Here’re why  SEC claims XRP is a security is nonsense

On April 9, Jeremy Hogan, a lawyer at the American law firm Hogan & Hogan, who has been closely watching and commenting on the United States Securities and Exchange Commission (SEC)’s continuing case against Ripple, explained why XRP should not be deemed a security.

In a series of tweets, Hogan clarified that XRP could only be called security under an “investment contract.” He noted that the SEC utilizes this word in their arguments as well.

The “Howey” case and its succeeding cases regulate an “investment contract analysis.” The Howey test assesses if an investment is in a joint venture with a profit expectation from the efforts of others.

Hogan went on to say that the SEC has failed to show that there was an inferred or explicit investment contract in the Ripple case. Instead, he claims that they have exclusively concentrated on the acquisition deal. But, Hogan claims that a simple purchase cannot be deemed an “investment contract” because Ripple is under no duty to do anything other than transmit the asset.

He underlined that all of the “blue sky” instances relied on by the Howey case to define an “investment contract” involved some type of investment contract. Hogan questioned how a person might “reasonably rely” on an offeror to make a profit when the offeror is not legally obligated to deliver.

Hogan determined that the question is not whether Ripple used money from XRP sales to fund its business but whether the SEC can prove an implied or explicit “contract” between Ripple and XRP customers regarding their “investment.” There is no such contract, according to Hogan.

On April 2, John Deaton, another well-known and respected attorney monitoring and commenting on the SEC’s action against Ripple, provided his thoughts on why XRP and ETH should not be deemed securities.

Deaton, the Managing Partner of Deaton Law Group, is the originator of CryptoLaw, a website focusing on US legal and regulatory developments for digital asset holders, and the host of the CryptoLaw YouTube channel.
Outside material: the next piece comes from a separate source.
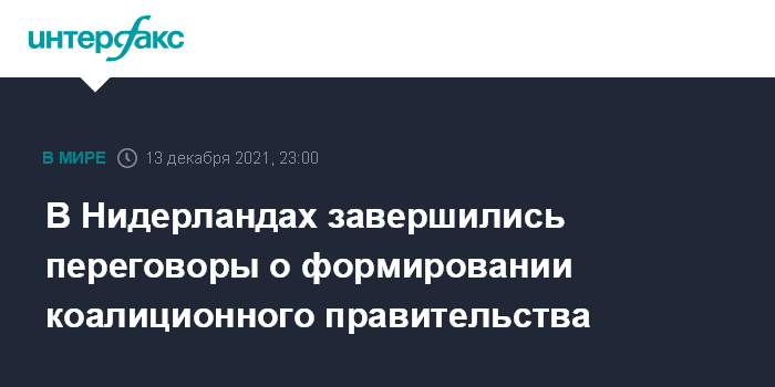 Москва. 13 декабря. INTERFAX.RU - В Нидерландах завершились переговоры о формировании нового коалиционного правительства, в среду ожидается представление программы кабинета в парламенте, сообщает в понедельник издание Dutch News.

Deaton outlined the main ideas of securities and how they apply to digital assets in a Twitter thread to his 258K followers. Deaton began by discussing the frequently misinterpreted legal term “investment contract” and the misuse of the Howey Test on social media. He referred to the Securities Act of 1933, which defines “security” but does not specifically mention digital assets or software code. Deaton contends that the key phrase in SEC cases involving digital assets such as Telegram, Kik, LBRY, and Ripple is “investment contract.”
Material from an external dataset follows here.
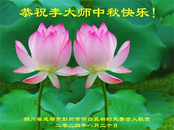四川彭州三名大法弟子及家人敬上 四川省成都大法弟子恭祝师父中秋快乐!
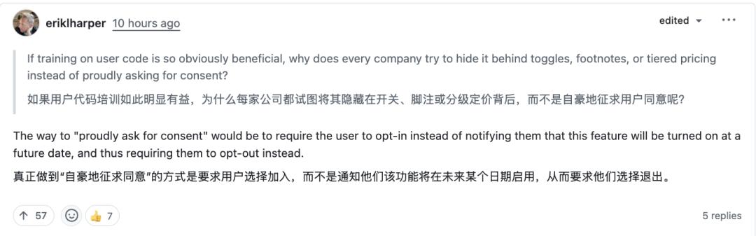 话虽如此,这一政策一出,再次让开发者社区对 AI 代码助手的数据使用边界展开讨论。

According to Deaton, a digital asset or cryptocurrency (software code) is not a security in and of itself, according to the Howey Test. However, he recognizes that it can be marketed, offered, or sold as an investment contract, which is a security. Deaton emphasized that the GRAM token, XRP, and ETH are not securities, even though the ETH ICO was unregistered. Ripple may have marketed or sold XRP as an unregistered security on occasion.

He underlined that the fundamental asset – digital code – is not a security and that there has never been a case in US history in which the secondary sale of that asset was ruled to be a security. Deaton utilized the Howey Test to demonstrate that if an investor sold the orange grove (from the Howey case) to a second bidder without knowledge of the Howey Corporation, the subsequent sale would not be considered a security.
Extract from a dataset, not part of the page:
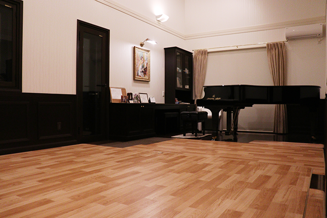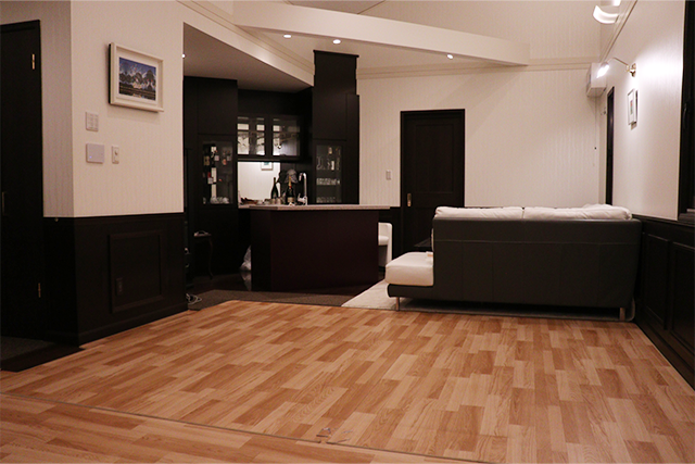 ヨガのスペースは集中力を高めるため、完全防音で木目調デザインのラグジュアリーな空間にしています。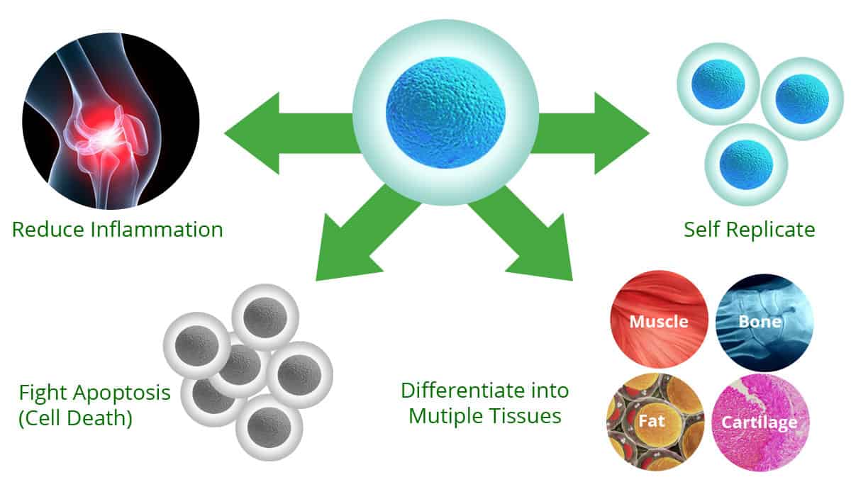 ดังนั้นจึงสามารถที่จะสรุปได้ว่า ในการใช้สเต็มเซลล์เพื่อการรักษามีประสิทธิภาพที่ดี คือช่วยซ่อมแซมหรือแทนที่เซลล์ที่เสื่อมสภาพ และยังทำให้เซลล์ยังคงทำงานได้อย่างมีประสิทธิภาพ รวมถึงช่วยลดการอักเสบ โดยไปชะลอการทำงานของเซลล์เม็ดเลือดขาว ทำให้การอักเสบในร่างกายหรือเนื้อเยื่อลดลง

Deaton contends that regardless of whether the $ETH ICO constituted a security sale or whether Ripple sold XRP as a security between 2013 and 2018, neither ETH nor XRP is securities. He stated that every altcoin might be deemed security when first issued, whether through an ICO or not.

Finally, Deaton advised the industry not to allow the SEC and Bitcoin supporters to take an unconstitutional shortcut by classifying tokens as securities.